# Win&Win Pro Accent Limbs?



## Dave T (Mar 24, 2004)

A thread on one of the UK boards, suggesting the WinEx limbs may be discontinued, got me to visit the W&W web site. They list the new Pro Accent between the INNO Power and the WinEx, implying they are a near top of the line design.

Anyone actually seen a pair, shot them, know anything about them or are they too new to have any feedback? Inquiring (archery) minds want to know! (smiley face goes here)

Dave


----------



## Vittorio (Jul 17, 2003)

Pro Accent limbs have a foam core with carbon fibers mixed in it. Also, they have a much increased curve of the limbs in comparizson to Winex. They are a good compromise between speed and stability, offically sligtly slower than Winex and Inno Power but much faster than Everest Pro (SF, EXE), and retail price positioning corresponds to speed positioning. Those that have purchased them are quite satisfied about their perfomancies.


----------



## Dave T (Mar 24, 2004)

Thank you Vittorio. That's exactly the information I was looking for.

Dave


----------



## Canjapan2003 (Jun 3, 2006)

Vittorio said:


> They are a good compromise between speed and stability, offically sligtly slower than Winex and Inno Power but much faster than Everest Pro (SF, EXE), .


I might be mistaken but I was sure in another post on here or SAG that you mentioned Everest Pro were faster than Winex. I was kind of proud to hear that


----------



## RaptorX (Dec 28, 2007)

I will be shooting the New ProAccent Limbs next week, with a second of my ProAccent Risers (the first has Inno Limbs), the ProAccents will be same # rating, and as I tune to it, it will be fun to see the difference.

Not sure about the winex faze out, but the new ProA limbs sound good, can't wait to shoot them. I'll post a comparison them here (same riser, same DW hopefully), and we'll see what happnes.....:wink:


----------



## Dave T (Mar 24, 2004)

Looking forward to hearing your report Raptor!

Dave


----------



## Vittorio (Jul 17, 2003)

Canjapan2003 said:


> I might be mistaken but I was sure in another post on here or SAG that you mentioned Everest Pro were faster than Winex. I was kind of proud to hear that


Sometime the past tends to kill me...:embara::embara:

OK, the story is like this, in my undrstanding of the Win & Win development of their limbs and without any official info from them:

1) Everest Pro were out toghther with XQ1 first generation, and were slower than them, but faster than Sinerzy.
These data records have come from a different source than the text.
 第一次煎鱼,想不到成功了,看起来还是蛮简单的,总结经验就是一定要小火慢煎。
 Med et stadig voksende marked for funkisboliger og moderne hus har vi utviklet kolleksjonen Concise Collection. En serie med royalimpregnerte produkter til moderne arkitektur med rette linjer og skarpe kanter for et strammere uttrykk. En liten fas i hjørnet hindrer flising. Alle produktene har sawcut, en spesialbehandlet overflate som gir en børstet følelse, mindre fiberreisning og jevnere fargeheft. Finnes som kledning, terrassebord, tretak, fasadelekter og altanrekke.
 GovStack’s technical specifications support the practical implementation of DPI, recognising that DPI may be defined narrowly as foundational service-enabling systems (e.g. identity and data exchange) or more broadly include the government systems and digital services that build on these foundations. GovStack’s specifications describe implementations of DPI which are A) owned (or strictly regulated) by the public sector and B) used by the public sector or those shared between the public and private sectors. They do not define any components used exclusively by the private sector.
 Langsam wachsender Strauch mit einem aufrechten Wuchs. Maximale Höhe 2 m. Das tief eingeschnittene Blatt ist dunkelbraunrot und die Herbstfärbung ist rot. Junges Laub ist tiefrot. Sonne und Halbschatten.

Very good limbs, but totally ignored by the market.
2) XQ1 second (flat) generation were much slower than first generation and slower than Everest Pro
3) Winex first generation was sligtly faster than XQ1 second generation, but still slower than XQ1 first generation, so also sligtly slower or similar to Everest Pro
4) Then Everest pro de-volved in slower generation and cheaper versions (SF Carbon and EXE Master), Winex in a faster one, and then Inno appeared, at the beginning slower than Winex, but Inno by themselves have now seen at least 3 generations with different performancies and drawing curves, and are surely on the top of Win & Win range for speed. 
5) At ATA W&W declared that Pro Accent were 1 to 2 fps slower than Winex, but now they are probably close to the same level of speed. 
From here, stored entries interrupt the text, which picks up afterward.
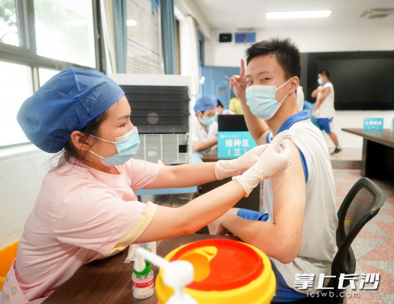 长沙晚报掌上长沙8月8日讯(全媒体记者 舒文 通讯员 苏晓玲)“感谢国家的政策,感谢学校的精心安排,让我们在下个学期的学习里更加安心了。”今日上午8时5分,湖南师大附中高三学生邹伊凡同学在校接种完新冠疫苗后,对记者说。今日,湖南师大附中根据自愿接种、应种尽种、就近方便原则,组织了家住长沙城区的高一至高三学生入校接种新冠疫苗。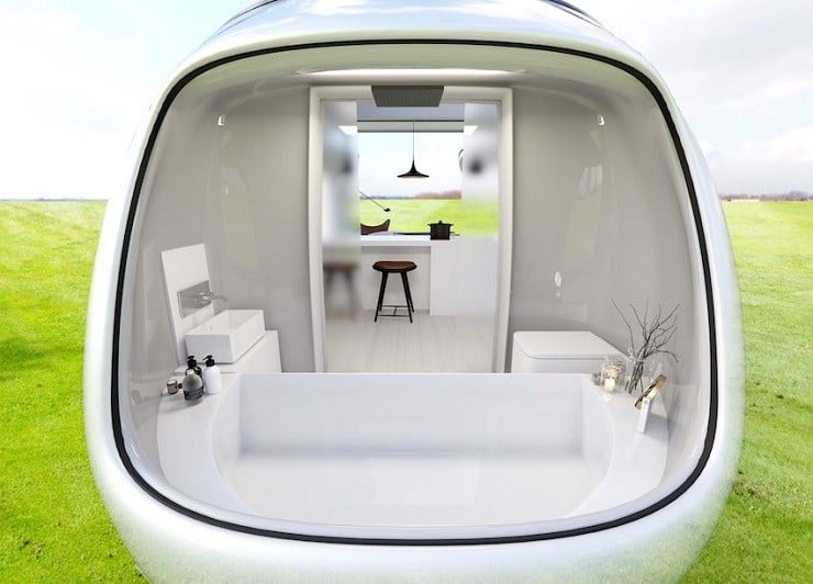 The pod is built of durable weather-resistant materials so it can survive unscathed in a wide range of extreme climates while keeping its occupants safe and dry. The idea was to create all the amenities of home for the camping experience. The only drawback is that the concept does not demonstrate how to get the pod into or out of its destinations, but we’re sure a trailer would do the job just fine. [via]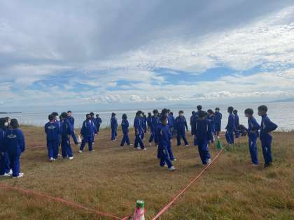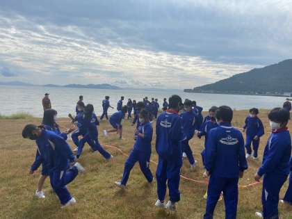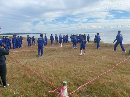 ルールは、20秒以内にスタートラインからゴールラインまで5mの間を鬼にタッチされずに走り抜ける。タッチされたら、鬼になり、最後まで生き残るゲームです。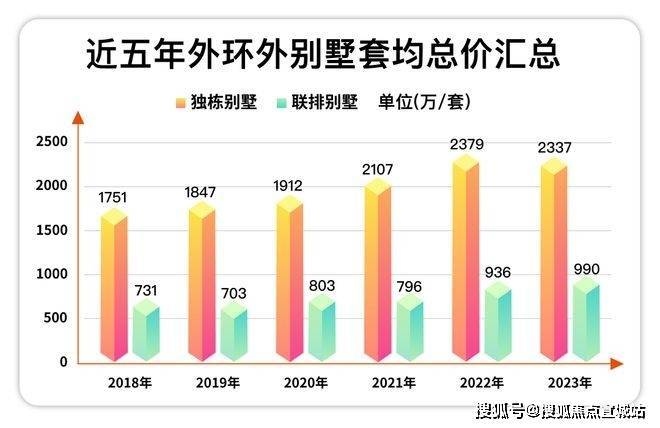 诺大的外环外,2023年联排别墅的套均总价在约990万/套,独栋别墅套均总价更是高达2337万/套。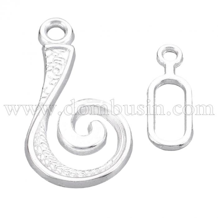 Застежка Крючок с Кольцом, Металл, Цвет: Серебро, Размер: Крючок 25.5х13.5х1.5мм с Отв 2мм, Кольцо 16.5х6х2мм с Отв 1мм, (УТ0016954)Размеры: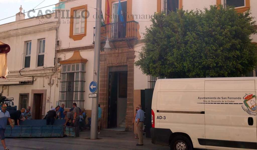 Esta mañana se han podido ver paqueteras y vehículos municipales sacando muebles del interior del Museo Histórico, donde se preven ubicar los servicios de la Alcaldía y el despacho de la alcaldesa, mientras no se ubique definitivamente en el Palacio Consistorial cuando terminen las obras de rehabilitación.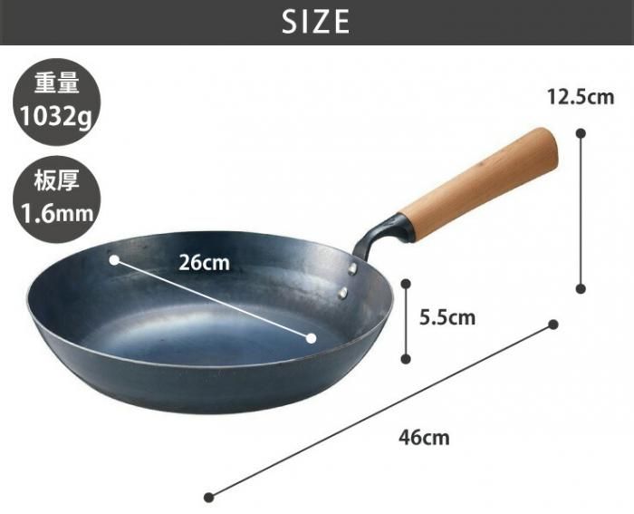 1枚の鉄の板を職人の目で確認しながら何千回も叩かれて出来上がるフライパンは、叩かれることによって鉄の分子が細かくなり、とても丈夫になります。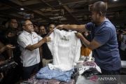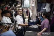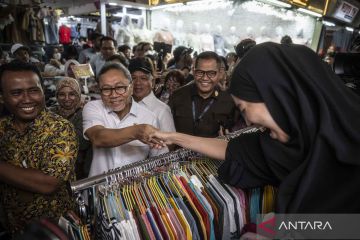 Menteri Perdagangan Zulkifli Hasan (kedua kiri) melihat baju yang ditawarkan pedagang saat berkunjung di Blok A Pasar Tanah Abang, Jakarta, Kamis (14/3/2024). Kunjungan tersebut dalam rangka memantau aktivitas perdagangan selama Ramadhan dan kesiapan menjelang Idul Fitri 2024. ANTARA FOTO/Aprillio Akbar/YU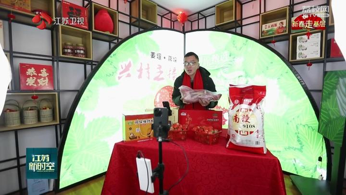 泰州市姜堰区蒋垛镇许桥村的党总支副书记陈鑫说:“春节期间也是不停播的,我们会每天推出不同的主题,走进农户家里面,把村民自己家里的特色农产品,还会把本地的特色民俗,通过手机镜头分享给全国各地的好朋友们。”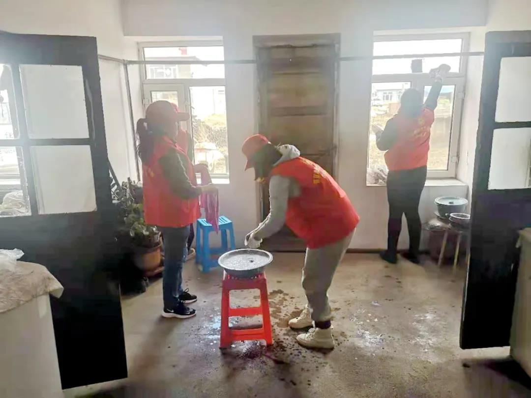 志愿者们身穿红马甲,擦桌子、抹玻璃、清理垃圾,发扬不怕脏、不怕苦、不怕累的奋斗奉献精神,大处着眼,小处着手,分工合作,默契配合。志愿者们还与贫困户亲切交谈,帮助贫困户解决生活中的实际困难。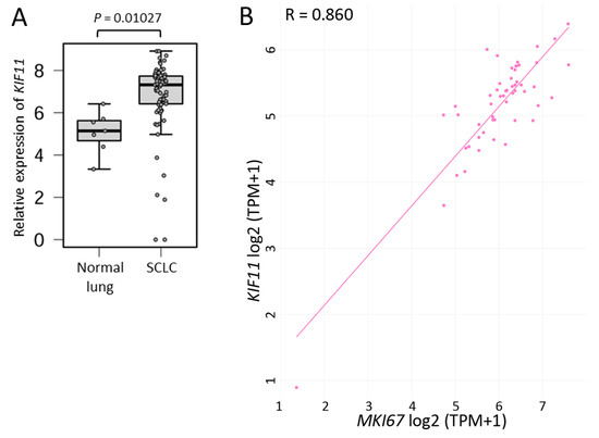 Small cell lung carcinoma (SCLC) tissues have higher KIF11 mRNA expression levels than normal lung tissues. (A) KIF11 mRNA expression patterns in normal lung and SCLC tissues. Expression data from 7 normal lung and 79 SCLC tissues were obtained from a previous report [9]. (B) Correlation between KIF11 and MKI67 mRNA expression levels in 53 SCLC cell lines using data from the Cancer Dependency Map [10]. Pearson’s correlation coefficient (R) = 0.860.

What is important to understand is that all manufacturers continue to slightly change their limbs batch after batch and year after year, in search of better performancies, better stability, and/or lower cost. For instance, Pro Accent limbs have changed a lot in curve design from those shown at the ATA show in January... 
This is the reason why any comparison in limbs is strictly relative to the moment it has been done and to the exact pair of limb that has been compared to another one. General referencies about speed existing in the market are therefore strictly related to new limbs as sold in the shops in that specific moment. Generally.


----------



## Dave T (Mar 24, 2004)

Just my $.02 worth but I think every recurve shooter (modern ILF version) should read the above from Vittorio. It should give second thoughts to every archery who worries, agonizes or frets about having the fastest limbs, loosing or gaining a few fps or is considering trading off a good set of limbs because the latest and greatest from XYZ company are supposed to be 5 fps faster.

Heck, take any set-up you like of riser and limbs and let two people with the same draw length shoot it through a chronograph. You will probably get 3-5 fps difference just because no two people are exactly alike and will have different releases if nothing else.

Thanks for the information and wisdom, Vittorio!

Dave


----------



## Canjapan2003 (Jun 3, 2006)

Vittorio said:


> Sometime the past tends to kill me...:embara::embara:
> 
> OK, the story is like this, in my undrstanding of the Win & Win development of their limbs and without any official info from them:
> 
> ...


I didn't realize there was so much change within a model line. 
Surprising that a manufacturer would retool to detune there product. Unless that is how they keep the current model on top. 
I know I'm going to get pooh poohed for this but is there a way to determine what generation the EP's I have or any limb in the WinWin line is? That might be useful information for people shopping the used market.


----------